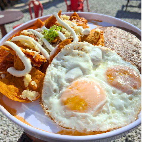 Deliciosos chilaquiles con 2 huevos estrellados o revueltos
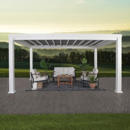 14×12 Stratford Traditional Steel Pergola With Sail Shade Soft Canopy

--

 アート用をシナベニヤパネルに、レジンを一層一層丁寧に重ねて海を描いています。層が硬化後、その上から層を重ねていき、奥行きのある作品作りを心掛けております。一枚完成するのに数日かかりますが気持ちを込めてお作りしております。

==

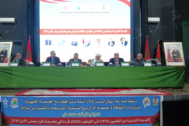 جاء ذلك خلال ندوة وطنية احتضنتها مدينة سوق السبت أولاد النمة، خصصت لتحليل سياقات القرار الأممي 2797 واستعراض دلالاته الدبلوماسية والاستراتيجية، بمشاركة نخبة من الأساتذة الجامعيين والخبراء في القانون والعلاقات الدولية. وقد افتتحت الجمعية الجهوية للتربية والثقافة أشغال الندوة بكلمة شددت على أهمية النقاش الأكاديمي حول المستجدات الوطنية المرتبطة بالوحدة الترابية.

### Instructions to follow:
Could the stretch from the line with "Deliciosos chilaquiles con" through the line with "14×12 Stratford Traditional" in the listing above be restated word for word, minus the pictures?

### Task solution:
 Deliciosos chilaquiles con 2 huevos estrellados o revueltos
 14×12 Stratford Traditional Steel Pergola With Sail Shade Soft Canopy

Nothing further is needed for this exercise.